YOUR ASSIGNMENT: Your reply must hold the lines from the one containing "Stepping inside, you’re" to the end of the entries, copied exactly, with pictures excluded.

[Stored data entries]
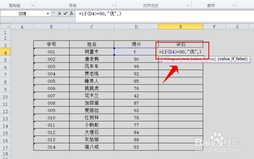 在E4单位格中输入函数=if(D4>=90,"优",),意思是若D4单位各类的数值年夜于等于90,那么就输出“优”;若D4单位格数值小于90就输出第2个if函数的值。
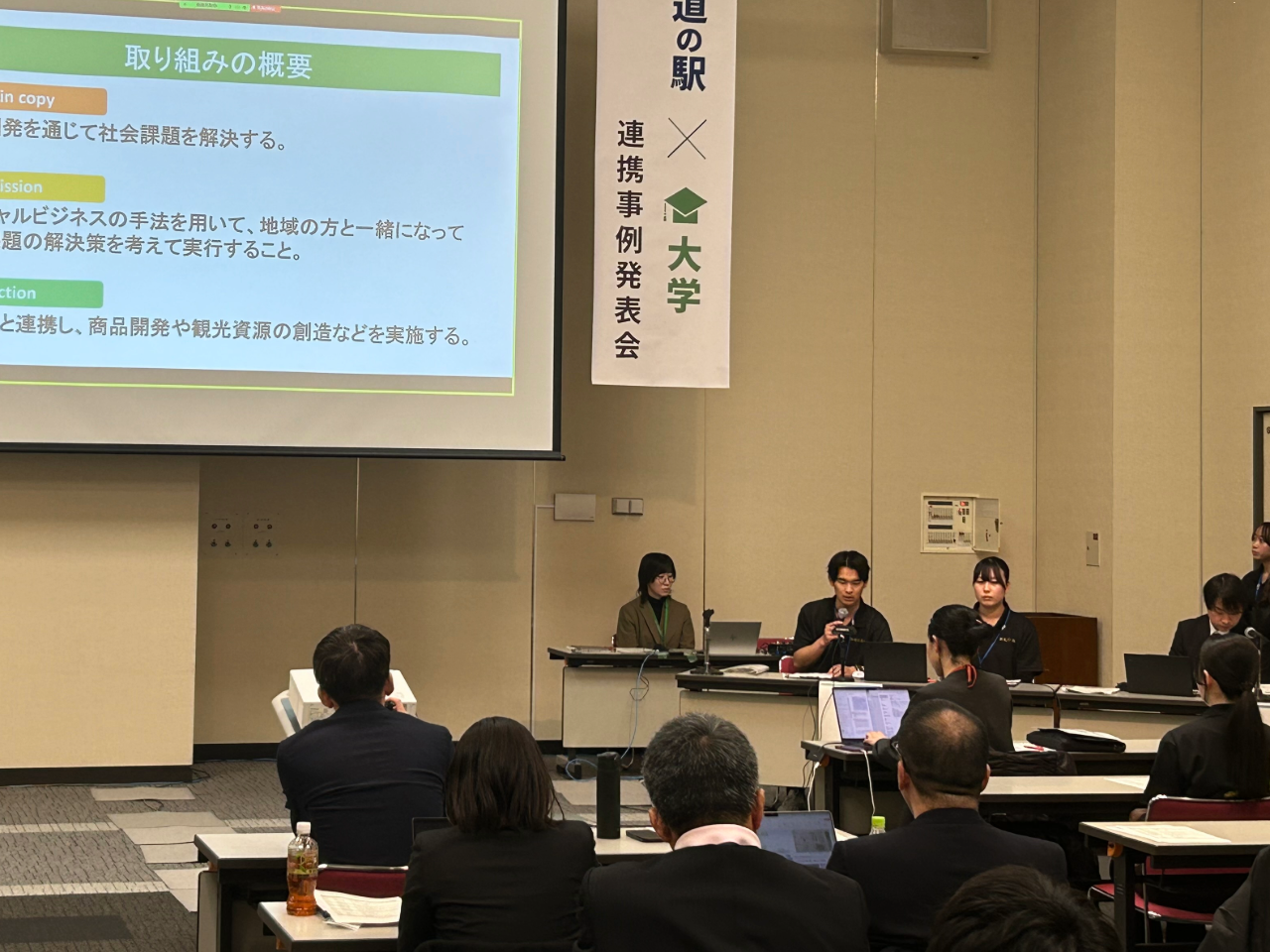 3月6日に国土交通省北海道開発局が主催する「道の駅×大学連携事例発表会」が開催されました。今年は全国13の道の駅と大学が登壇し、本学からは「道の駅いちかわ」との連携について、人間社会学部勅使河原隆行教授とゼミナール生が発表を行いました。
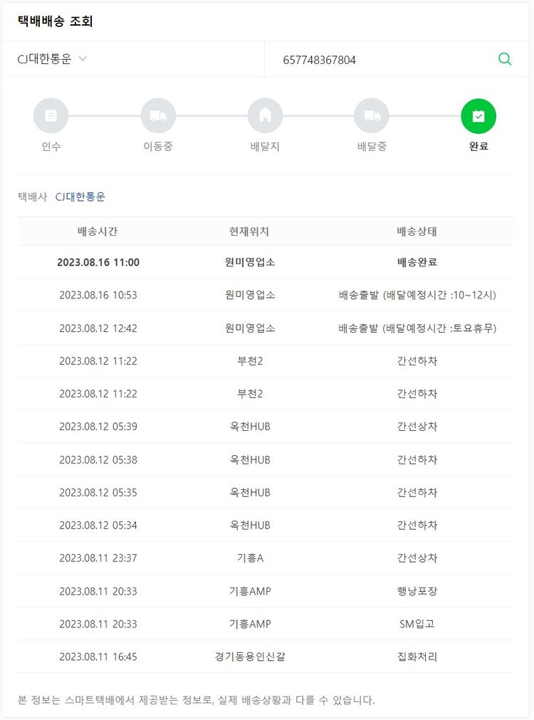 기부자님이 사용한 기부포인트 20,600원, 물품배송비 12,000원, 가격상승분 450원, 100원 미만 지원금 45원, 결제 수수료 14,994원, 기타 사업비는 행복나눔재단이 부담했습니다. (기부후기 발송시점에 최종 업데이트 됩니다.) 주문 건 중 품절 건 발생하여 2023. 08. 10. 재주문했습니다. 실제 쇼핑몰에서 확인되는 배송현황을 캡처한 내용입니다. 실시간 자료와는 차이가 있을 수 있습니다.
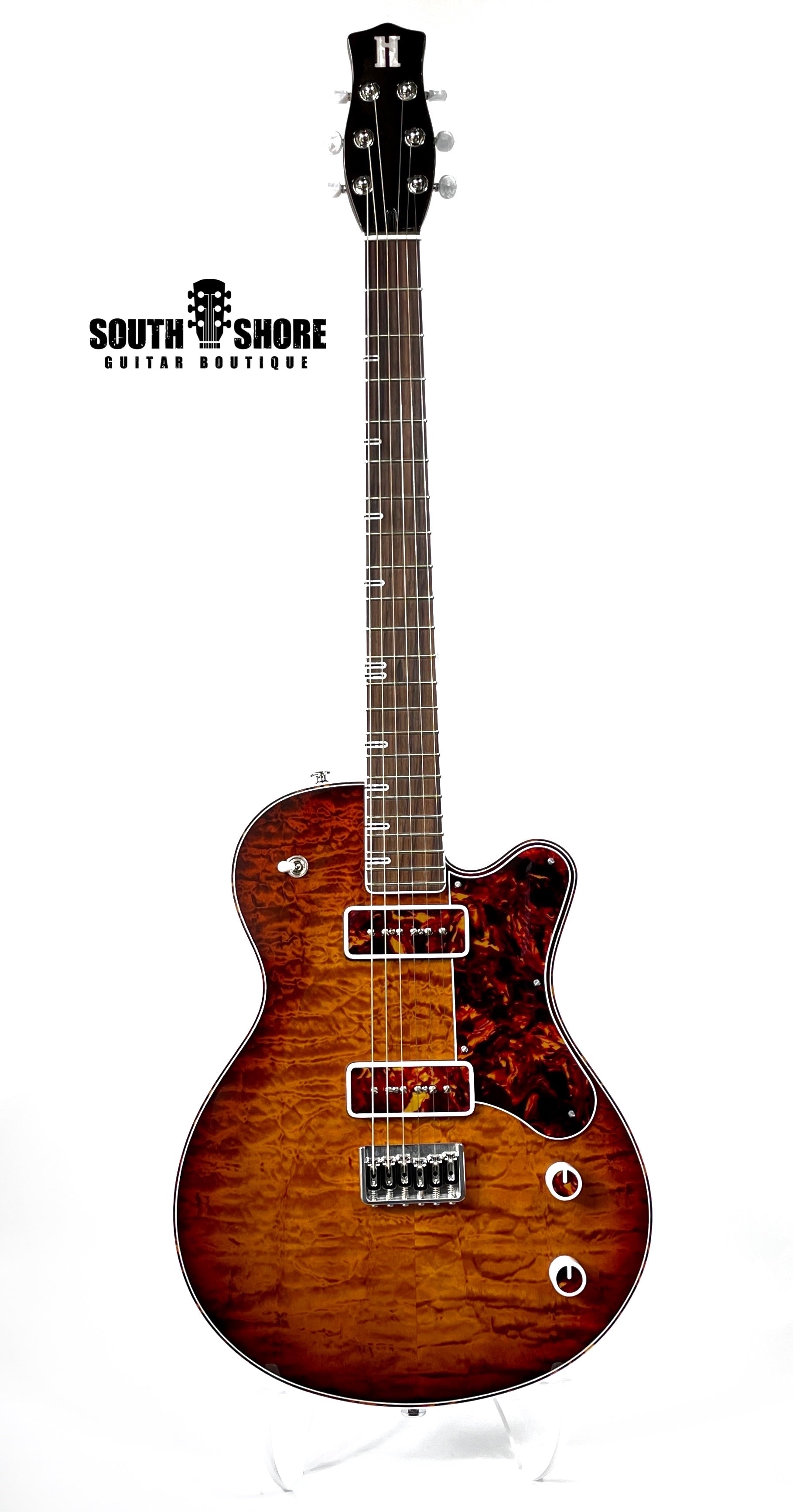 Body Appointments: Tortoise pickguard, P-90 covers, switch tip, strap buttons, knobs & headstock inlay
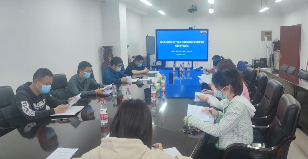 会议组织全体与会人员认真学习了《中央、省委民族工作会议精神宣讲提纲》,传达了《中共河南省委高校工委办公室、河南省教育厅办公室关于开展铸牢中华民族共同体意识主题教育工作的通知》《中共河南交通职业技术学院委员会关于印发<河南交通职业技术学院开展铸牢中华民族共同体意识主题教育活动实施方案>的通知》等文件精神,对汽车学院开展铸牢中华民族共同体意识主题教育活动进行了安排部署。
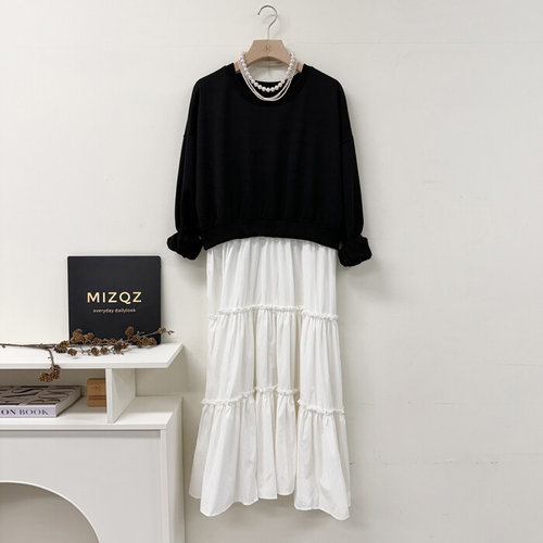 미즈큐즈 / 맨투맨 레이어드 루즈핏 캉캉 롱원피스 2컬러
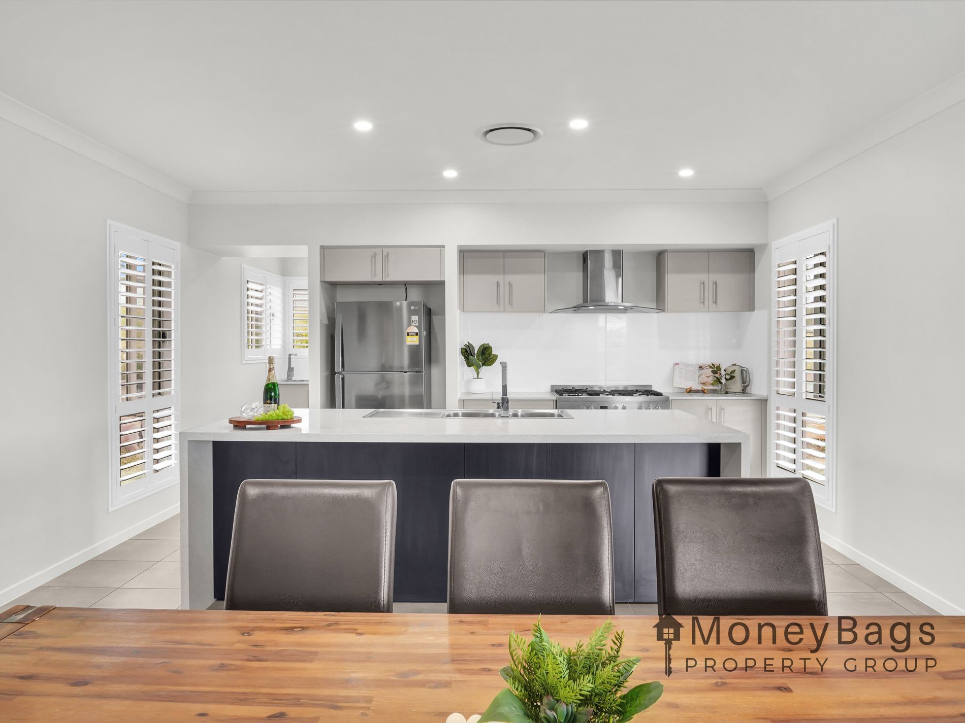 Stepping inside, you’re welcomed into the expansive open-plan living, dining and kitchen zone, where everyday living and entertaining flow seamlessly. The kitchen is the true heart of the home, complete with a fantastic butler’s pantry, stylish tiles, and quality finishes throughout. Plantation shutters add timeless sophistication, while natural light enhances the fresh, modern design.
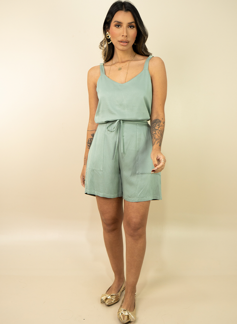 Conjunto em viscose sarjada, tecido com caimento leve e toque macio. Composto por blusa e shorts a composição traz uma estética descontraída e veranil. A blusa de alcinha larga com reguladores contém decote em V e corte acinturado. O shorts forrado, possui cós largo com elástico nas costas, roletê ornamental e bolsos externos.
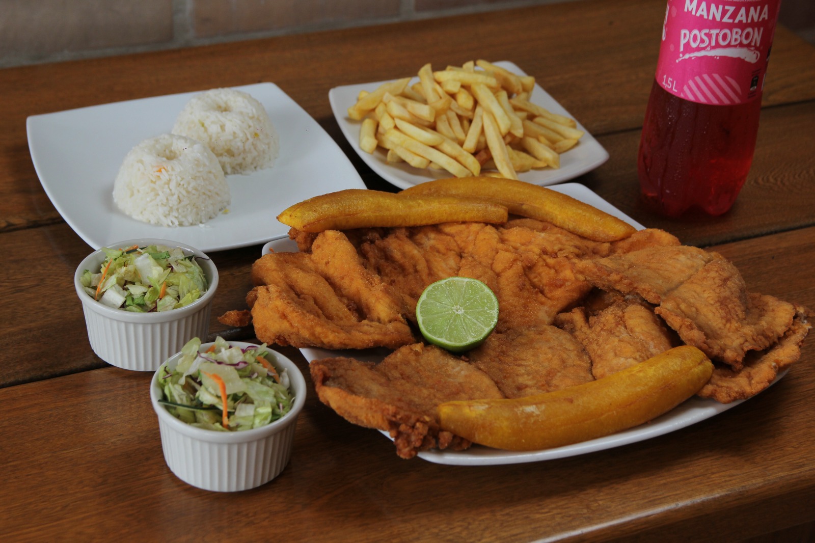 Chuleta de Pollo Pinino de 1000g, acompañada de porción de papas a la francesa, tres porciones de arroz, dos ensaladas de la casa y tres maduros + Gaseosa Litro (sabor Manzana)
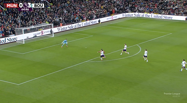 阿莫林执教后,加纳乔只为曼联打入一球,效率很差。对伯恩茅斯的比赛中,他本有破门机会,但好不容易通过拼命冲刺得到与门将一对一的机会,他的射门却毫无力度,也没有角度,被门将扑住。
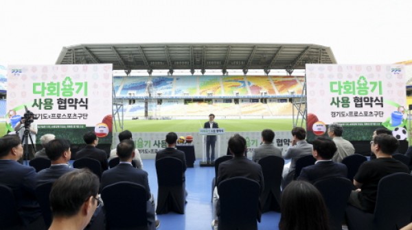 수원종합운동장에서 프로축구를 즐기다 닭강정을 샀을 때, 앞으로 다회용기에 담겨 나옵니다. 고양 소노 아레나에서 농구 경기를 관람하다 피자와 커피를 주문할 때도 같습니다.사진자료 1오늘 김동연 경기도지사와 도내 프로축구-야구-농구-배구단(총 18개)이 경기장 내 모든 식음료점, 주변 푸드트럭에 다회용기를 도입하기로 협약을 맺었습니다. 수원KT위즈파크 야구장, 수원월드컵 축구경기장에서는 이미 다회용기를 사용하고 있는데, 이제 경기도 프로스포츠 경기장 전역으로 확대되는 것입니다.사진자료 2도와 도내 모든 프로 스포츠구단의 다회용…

ANSWER SPACE:
 Stepping inside, you’re welcomed into the expansive open-plan living, dining and kitchen zone, where everyday living and entertaining flow seamlessly. The kitchen is the true heart of the home, complete with a fantastic butler’s pantry, stylish tiles, and quality finishes throughout. Plantation shutters add timeless sophistication, while natural light enhances the fresh, modern design.
 Conjunto em viscose sarjada, tecido com caimento leve e toque macio. Composto por blusa e shorts a composição traz uma estética descontraída e veranil. A blusa de alcinha larga com reguladores contém decote em V e corte acinturado. O shorts forrado, possui cós largo com elástico nas costas, roletê ornamental e bolsos externos.
 Chuleta de Pollo Pinino de 1000g, acompañada de porción de papas a la francesa, tres porciones de arroz, dos ensaladas de la casa y tres maduros + Gaseosa Litro (sabor Manzana)
 阿莫林执教后,加纳乔只为曼联打入一球,效率很差。对伯恩茅斯的比赛中,他本有破门机会,但好不容易通过拼命冲刺得到与门将一对一的机会,他的射门却毫无力度,也没有角度,被门将扑住。
 수원종합운동장에서 프로축구를 즐기다 닭강정을 샀을 때, 앞으로 다회용기에 담겨 나옵니다. 고양 소노 아레나에서 농구 경기를 관람하다 피자와 커피를 주문할 때도 같습니다.사진자료 1오늘 김동연 경기도지사와 도내 프로축구-야구-농구-배구단(총 18개)이 경기장 내 모든 식음료점, 주변 푸드트럭에 다회용기를 도입하기로 협약을 맺었습니다. 수원KT위즈파크 야구장, 수원월드컵 축구경기장에서는 이미 다회용기를 사용하고 있는데, 이제 경기도 프로스포츠 경기장 전역으로 확대되는 것입니다.사진자료 2도와 도내 모든 프로 스포츠구단의 다회용…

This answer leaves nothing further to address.